Fizemos uma pequena seleção de algumas histórias marcantes deste personagem, e que ajudariam o leitor a conhecer melhor o personagem:
Hellblazer 8 – Esta história em especial marca a vida de Constantine porque é quando ele faz um pacto com Nergal e este injeta o próprio sangue em John. Vale lembrar que Constantine ainda não sabe que este demônio é o mesmo que ele enfrentou em NewCastle. Tal história faz parte de um arco de histórias escritas por Joe Delano, que inclui um “crossover” com histórias publicadas no título “Swamp Thing”.
Hellblazer 11 – Esta história mostra o inexperiente e petulante Constantine em sua juventude enfrentando Nergal pela primeira vez, condenando a si e aos seus amigos a uma vida perseguida por demônios. Publicada no Brasil na Vertigo 5.
Há muitas histórias boas da fase Garth Ennis. Aliás, são todas boas. Mas leia pelo menos estas aqui, o alfa e omega do Garth
Hellblazer 41 a 46 – O arco de histórias “Hábitos Perigosos”, escrito por Garth Ennis, onde Constantine descobre um câncer de pulmão e luta para salvar sua vida e sua alma, em um lance surpreendente que torna o Primeiro dos Caídos seu mais perigoso e impotente inimigo. Publicado no Brasil nos três primeiros números da série “Vertigo”.
Hellblazer 78 a 83 – “Um Patife nos Portões do Inferno” mostra como o primeiro dos caídos consegue se livrar da armadilha imposta pelo mortal Constantine. Ao longo da história, amigos de Constantine são mortos e, ao final, uma reviravolta surpreendente torna o mago mais uma vez triunfante, não sem um gosto amargo na boca. Publicado aqui pela Tudo em Quadrinhos no título Hellblazer 10, 11 e 12. Marca o final da fase Garth Ennis.
Hellblazer 71 – Outra da fase Ennis.
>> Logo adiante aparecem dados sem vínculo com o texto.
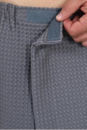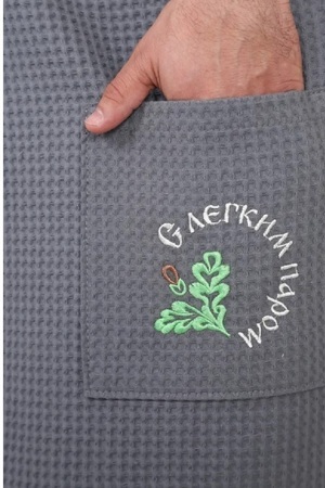 Килт банный мужской вафельный с вышивкой - полотенце-накидка на липучке для сауны и бани. Материал: высококачественное вафельное полотно, 100% хлопок. Плотность: 220 г/м2. Набедренное полотенце отлично держится за счет резинки и фиксации на широкую липучку. Килт для мужчин универсально подходит для любой комплекции с 44 по 52 размер. Имеется глубокий накладной карман с вышивкой "С легким паром" для хранения различных банных мелочей. Изделие приятно к телу, прекрасно впитывает влагу, быстро сохнет, хорошо переносит частые стирки, отличается долговечностью и прочностью. Это многофункциональный аксессуар, который обеспечит комфорт и удобство, а также гигиеническую защиту во время и после банных процедур. Килт можно постелить на лежак в сауне или использовать в качестве полотенца после душа, он удобен в массажном салоне или на пляже. Это замечательный подарок для мужчины - любителя парной, хаммама, сауны, бани, различных spa - комплексов!

Durante a fase dor de cotovelo e mendigo que passou após ter sido deixado por sua namorada Kit, Constantine se vê perdido nas últimas lembranças de um piloto de Spitfire durante a II Guerra Mundial. Pessoalmente gosto da história porque conseguiu, sem ser piegas ou óbvia, transmitir uma mensagem de otimismo e de apego à vida.
Uma história inédita
O título original da história é “Shoot”.Ela nunca foi publicada, pois a história fala sobre um tiroteio em uma escola, e tal história estava para ser lançada bem a época que ocorreu o tiroteio em Columbine em abril de 1999, e os editores da DC não entraram em um acordo com o roteirista Warren lles (The Autorith, Planetary) para publicar a história. Por estas coisas da Internet, tal história ficou disponível apenas digitalmente. Iclusive sites como o Rapadura Açucarada disponibilizaram versões digitais desta história. Uma página da história pode ser vista em http://www.hellblazerbrasil.net/revistas/shoot.html.
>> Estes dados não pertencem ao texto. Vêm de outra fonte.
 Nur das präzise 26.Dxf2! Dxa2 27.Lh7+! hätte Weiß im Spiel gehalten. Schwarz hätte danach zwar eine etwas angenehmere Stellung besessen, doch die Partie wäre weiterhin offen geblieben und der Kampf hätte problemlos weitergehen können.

Há muitas outras histórias interessantes. Para se situar nos diversos arcos de histórias do cínico personagem, vale uma visita ao site http://www.hellblazerbrasil.net, que tem um checklist completo.
MAS, E O FILME?
Seguindo a tendência lucrativa de adaptar personagens dos quadrinhos em superproduções para o cinema, finalmente se lembram do velho Constantine de guerra e resolvem leva-lo para a grande tela. Mas adaptar quadrinhos parao cinema sempre encontra alguma resistência dos fãs do personagem, que exigem fidelidade ao original.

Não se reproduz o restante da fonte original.